CBC News on SMYTH / WILLIAMS

CBC News, Jan 23, 2017

Toronto theatre to stage play based on interview of killer Russell Williams

One Little Goat Theatre Company to use an all-female cast for the production

A Toronto-based theatre company is developing a play based on the intense police interrogation in which convicted sex killer Russell Williams confessed his crimes.

One Little Goat Theatre Company plans to premiere Smyth/Williams in March, with an all-female cast that will alternate the roles of the interrogating officer and Williams through the performance.

The company's artistic director, Adam Seelig, says he first got the idea for the play in 2010, when Williams' case and his confession to Ontario Provincial Police Det. Sgt. Jim Smyth was making headlines.

Seelig says he was amazed at the time by Smyth's ingenuity and chilled by Williams' matter-of-fact confessions to heinous crimes — all strong material for a theatrical performance.

But Seelig says he only moved to make the play a reality after noticing what he called a recent urgency around the issue of violence against women, particularly against women in the military.

Williams, once a rising star in the Canadian Forces, was sentenced to life in prison in October 2010 after pleading guilty to the murders of two women — 37-year-old Cpl. Marie-France Comeau and 27-year-old Jessica Lloyd.
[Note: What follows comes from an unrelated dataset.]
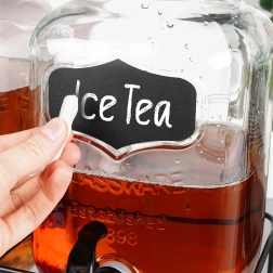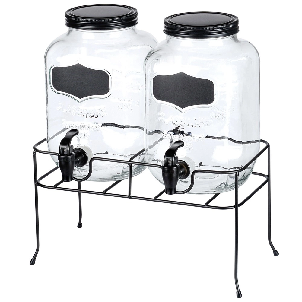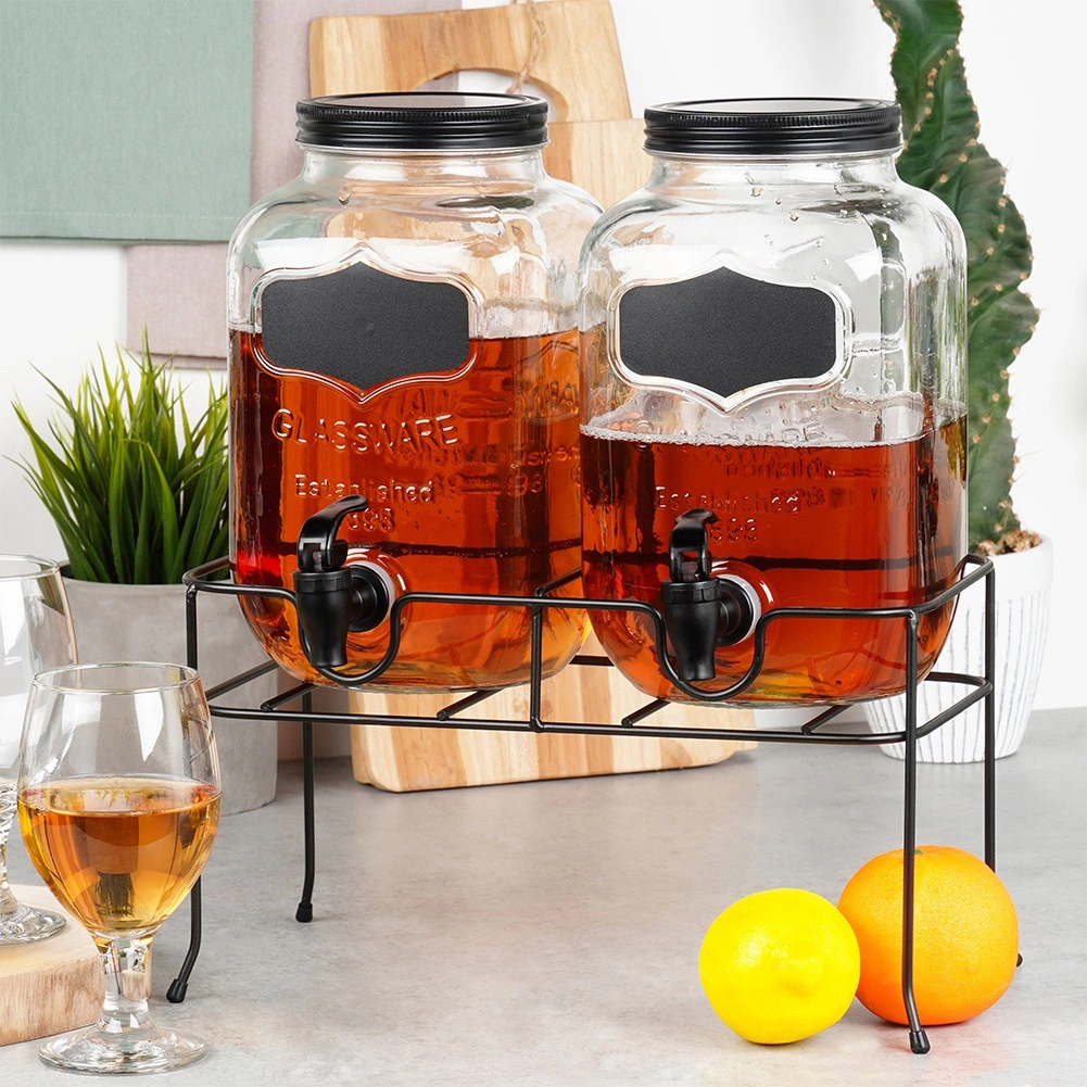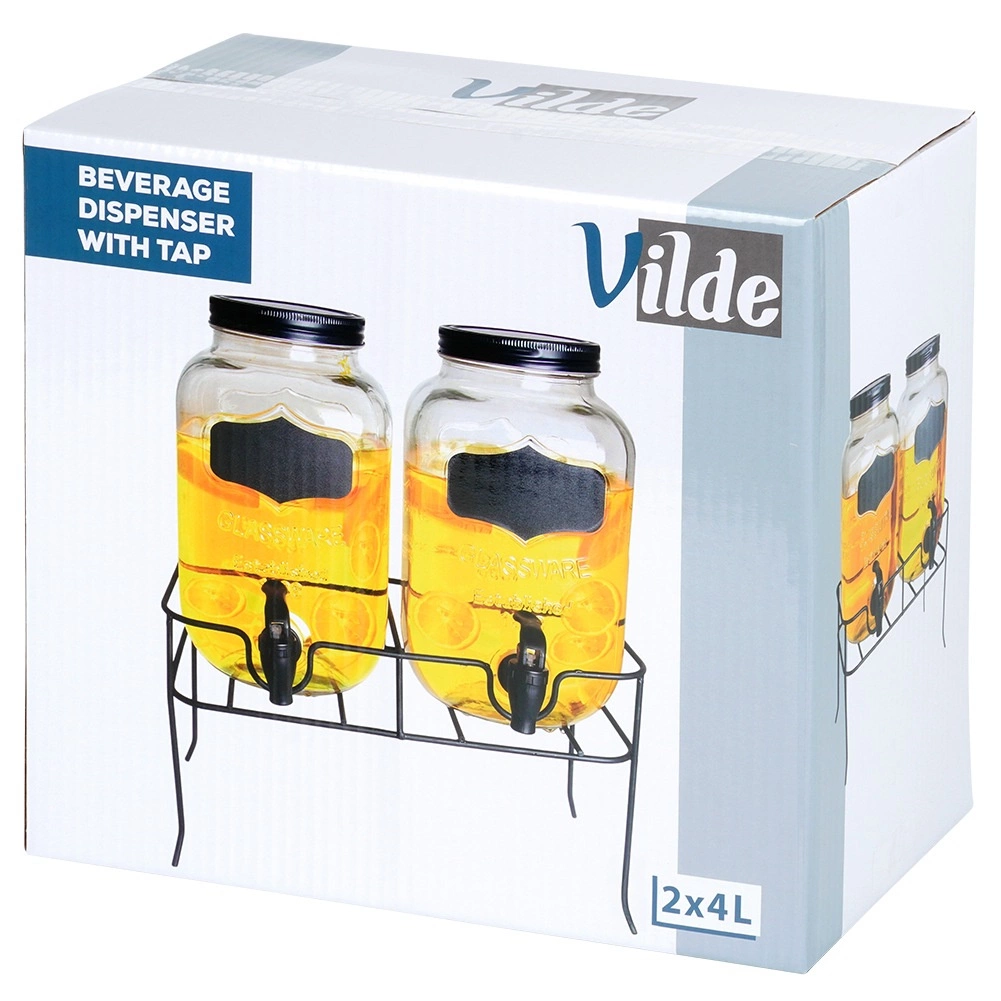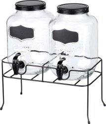 Ten praktyczny zestaw dwóch dyspenserów do napojów wprowadzi porządek i styl do każdego serwowania. Każdy szklany słój ma pojemność 4 l i jest wyposażony w plastikowy kranik z uszczelką dla płynnego nalewania. Dzięki szerokiemu wlewowi napełnianie owocami czy kostkami lodu jest proste, a pokrywka chroni napój przed owadami i zanieczyszczeniami. Tabliczka na froncie pozwala opisać zawartość kredą.

The former commander of Canada's largest military airfield also pleaded guilty to 82 fetish break- and-enters and thefts as well as two sexual assaults.

Seelig acknowledges that a play based on Williams' confession to horrifying crimes deals with disturbing material.

But he said current discourse around violence against women, and the recent dialogue around women's rights in the aftermath of the U.S. presidential election, makes the play particularly relevant.

"Now is the time to look at what I will call truly tragic violence," Seelig said. "I would agree with the people who say it is hard, it's heavy, it's difficult, but it is necessary to look at it, to examine it, to raise awareness about it if we're ever going to have any chance of understanding it and curbing it."

The majority of the lines in the play will be taken directly from a transcript of Smyth's interrogation of Williams, Seelig said.

Having the actors in the play alternate roles between Williams and Smyth was also a deliberate decision to ensure a single performer was not over-burdened by playing the sadistic criminal, Seelig said.

"For one person to take on Williams and to say what Williams says is almost too much for a person who feels deeply, and most actors do," he said. "Part of it is to distribute the weight."

Williams came under police suspicion in February 2010 after officers stopped him at a roadside canvass after Lloyd went missing. Officers noticed the distinctive tires on his Nissan Pathfinder, similar to the treads they'd found near Lloyd's Belleville, Ont., home.

The military commander came in for questioning and eventually caved under Smyth's masterful interrogation techniques.

Williams methodically chronicled and catalogued his crimes, shooting videos and still photos of himself in the act and amassing a huge collection of undergarments stolen from women and girls.

The Canadian Forces stripped him of his rank after his conviction and, in a rare move, burned his uniform.